The Benefits of Ashwagandha for Hormonal Health
Ashwagandha Withania somnifera (ashwagandha) is a root which has been used in Indian medicine for about 3,000 years. Its historical uses have been for the treatment of a litany of conditions and ashwagandha has been used as a constituent of over 200 formulations in Siddha, Unani, and Ayruvedic medicine. Recently, pharmacologists have been studying the effects of ashwagandha extracts and individual compounds isolated from it for many conditions.⁽¹⁾
The first indication that withania somnifera is a bioactive plant is its name; somnifera means ‘sleep-inducing’ and can also be found in the Linnean name for opium poppies (papaver somniferum.) The second indication can be gained by observing how closely one of its alkaloids, withaferin A,⁽²⁾ resembles many of the body’s own hormones. Indeed, androgenic effects have been observed in ashwagandha studies recently showing increases in strength and muscle size over the control group.⁽³⁾ Small but perceptible increases in serum testosterone were noted.

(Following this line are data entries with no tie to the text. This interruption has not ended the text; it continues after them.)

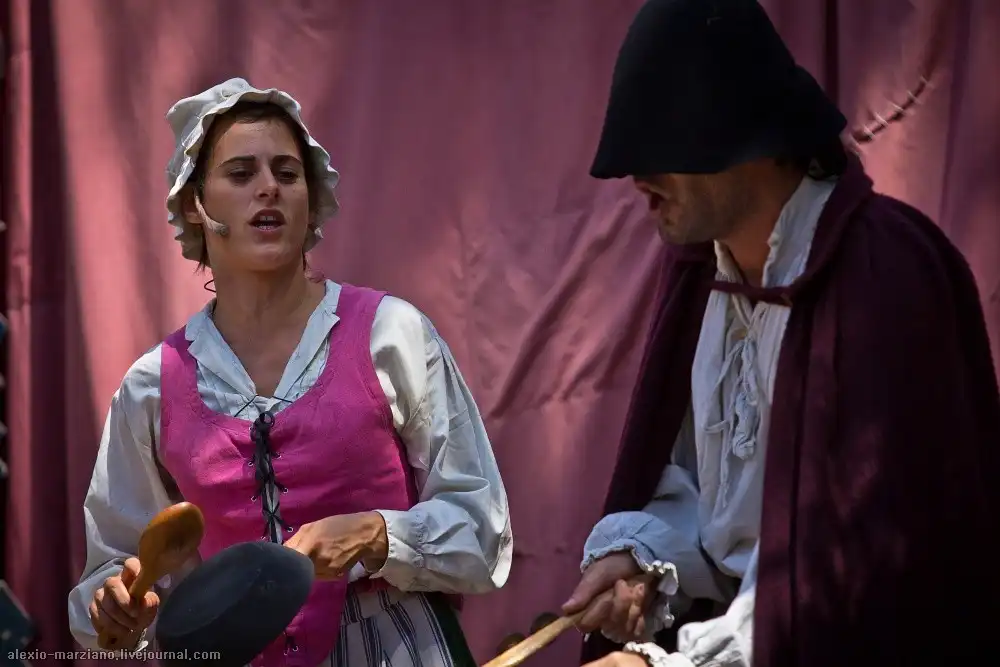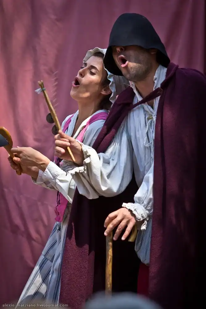 Кроме уличного театра, посетителей рынка развлекали многочисленные жонглеры, акробаты, музыканты и фехтовальщики.
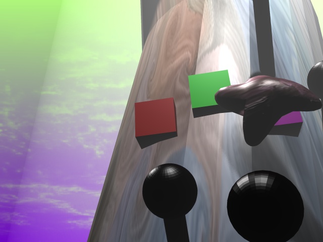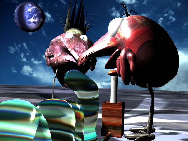 N'ayant aucune base en modélisation et seulement des notions en animations, il nous a fallu beaucoup de temps pour nous familiariser avec l'environnement de Blender, ce qui explique que nous n'ayons pu respecter, à la lettre, le story board que nous avions mis au point. Devant les problèmes rencontrés, nous avons fait le choix de privilégier l'apparence ( usage de nombreuses textures, jeux de lumières, ombrages, effets visuels, ... ) et le côté humoristique ( déformations volontaires, animations peu réalistes, ... ) au détriment, parfois, de l'animation. Nous avons, néanmoins, utilisé le maximum de techniques d'animation vues en TD, à savoir le Key Frame, le Path/Track, les latices, les vertex, les Ika et les particules. Nous avons également mis l'accent sur l'aspect esthétique, renforcé par l'utilisation de différentes prises de vues ( gros plans, contre-plongées, plans panoramiques, plans séquences, plans en contre-jour ( voir 3. et 4. ), scrolling, fondus enchaînés, ... ) et l'apparence comique de nos personnages et objets ( modélisation particulière, textures étranges, ... ). Enfin, nous nous sommes fortement inspirés du scénario 3 qui été proposé, pour mettre en scène nos personnages et leur donner vie, et espérons être parvenus à allier esthétisme et humour.
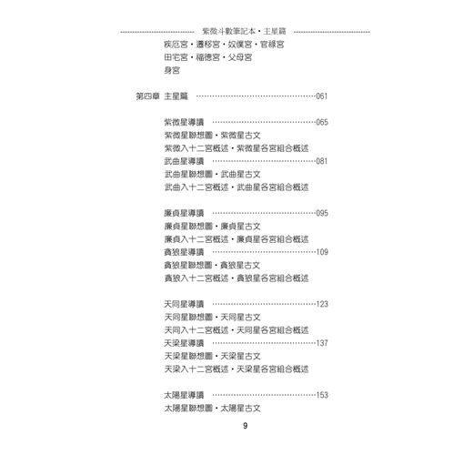 期望這樣的編排方式,能對「紫微斗數」的學習環境有所助益,在此也感謝諸多前輩的著作,讓我學習上能有所獲。

Research has shown that a whole extract was able to increase levels of thyroxine (T₄) in mice.⁽⁴⁾ A second study done ten years later showed that an ashwagandha extract raised both T₃ and T₄ levels to normal in hypothyroid mice.⁽⁵⁾ There hasn’t been too much research on this aspect, but an interesting medical case report in the British Medical Journal lends credence to ashwagandhas euthyroid effects.⁽⁶⁾
The hormonal effects of ashwagandha are most pronounced in diabetics and this effect has been confirmed in numerous studies. Researchers in 2008 induced diabetes in rats with streptozotocin, a drug which is well-known to modify insulin-producing β-cells in the pancreas. Some of the groups were then given ashwagandha root extract and the antidiabetic effects were rather startling.⁽⁷⁾ At 200 milligrams per kilogram the ashwagandha diabetic rats showed a 111% reduction in blood glucose to a value quite close to the normal range. The rats that received the 400 mg/kg dose did even better (Table 2). Moreover, ashwagandha root extract was able to significantly lower insulin as well in diabetic mice in a dose-dependent manner (Fig 1).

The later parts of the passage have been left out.